Data for this exercise:

####################

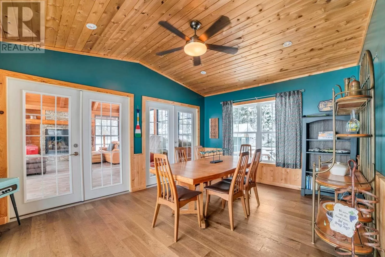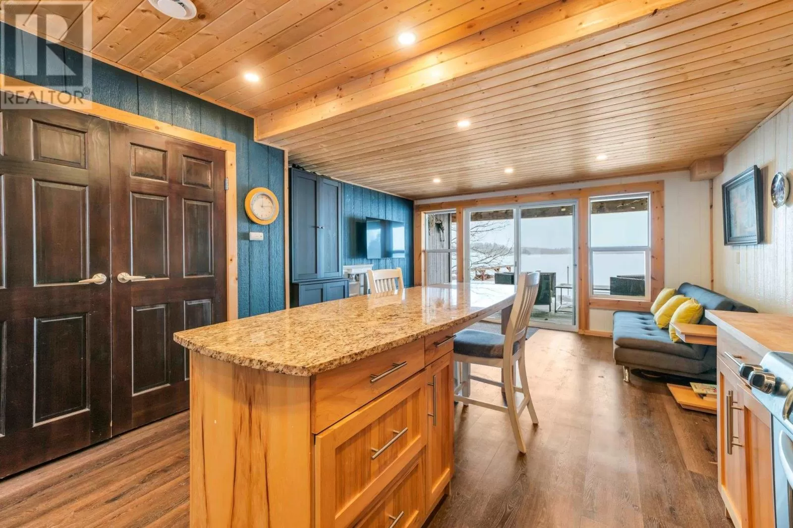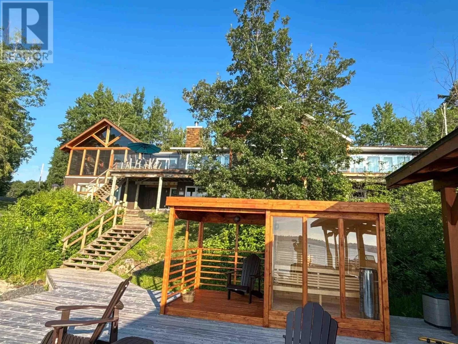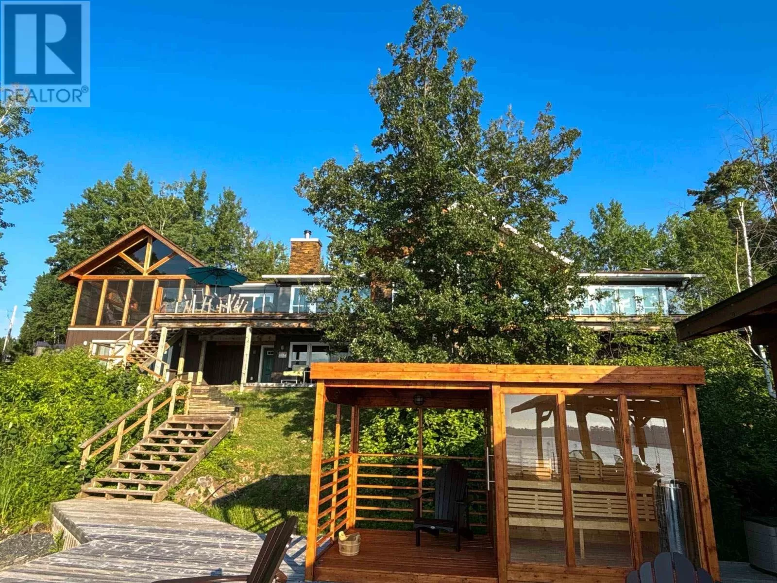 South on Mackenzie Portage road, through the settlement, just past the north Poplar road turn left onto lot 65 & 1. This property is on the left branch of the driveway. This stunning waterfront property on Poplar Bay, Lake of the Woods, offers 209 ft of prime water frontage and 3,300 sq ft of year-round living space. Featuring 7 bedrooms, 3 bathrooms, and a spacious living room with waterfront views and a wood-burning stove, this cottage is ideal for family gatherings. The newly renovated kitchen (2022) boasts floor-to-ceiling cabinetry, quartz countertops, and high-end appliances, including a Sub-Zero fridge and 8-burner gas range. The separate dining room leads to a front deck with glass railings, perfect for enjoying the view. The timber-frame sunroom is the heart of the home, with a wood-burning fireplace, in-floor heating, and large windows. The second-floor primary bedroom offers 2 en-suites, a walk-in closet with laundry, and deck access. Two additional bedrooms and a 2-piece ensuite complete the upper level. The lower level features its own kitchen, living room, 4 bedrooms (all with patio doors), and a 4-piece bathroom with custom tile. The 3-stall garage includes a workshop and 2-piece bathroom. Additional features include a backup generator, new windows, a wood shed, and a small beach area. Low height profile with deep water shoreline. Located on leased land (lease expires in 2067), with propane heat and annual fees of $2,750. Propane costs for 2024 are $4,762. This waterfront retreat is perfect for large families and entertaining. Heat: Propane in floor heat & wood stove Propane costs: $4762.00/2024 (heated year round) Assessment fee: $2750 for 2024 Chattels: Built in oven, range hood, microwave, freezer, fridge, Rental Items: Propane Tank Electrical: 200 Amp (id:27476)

####################

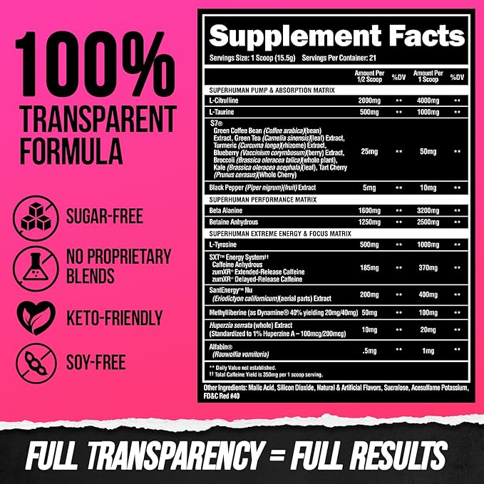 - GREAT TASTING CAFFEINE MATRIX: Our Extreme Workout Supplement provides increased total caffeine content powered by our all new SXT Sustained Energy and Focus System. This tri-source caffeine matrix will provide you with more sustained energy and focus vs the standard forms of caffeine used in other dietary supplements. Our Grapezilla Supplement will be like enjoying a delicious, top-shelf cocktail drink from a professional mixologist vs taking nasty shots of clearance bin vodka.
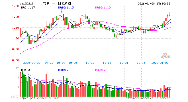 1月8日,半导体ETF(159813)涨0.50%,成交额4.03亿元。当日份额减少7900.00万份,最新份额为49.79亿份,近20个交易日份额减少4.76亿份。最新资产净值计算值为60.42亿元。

####################

Task: Look through the listing above for the line with "- GREAT TASTING" and the line with "1月8日,半导体ETF(15". Write out exactly those lines and everything between, leaving out pictures.

Response:
 - GREAT TASTING CAFFEINE MATRIX: Our Extreme Workout Supplement provides increased total caffeine content powered by our all new SXT Sustained Energy and Focus System. This tri-source caffeine matrix will provide you with more sustained energy and focus vs the standard forms of caffeine used in other dietary supplements. Our Grapezilla Supplement will be like enjoying a delicious, top-shelf cocktail drink from a professional mixologist vs taking nasty shots of clearance bin vodka.
 1月8日,半导体ETF(159813)涨0.50%,成交额4.03亿元。当日份额减少7900.00万份,最新份额为49.79亿份,近20个交易日份额减少4.76亿份。最新资产净值计算值为60.42亿元。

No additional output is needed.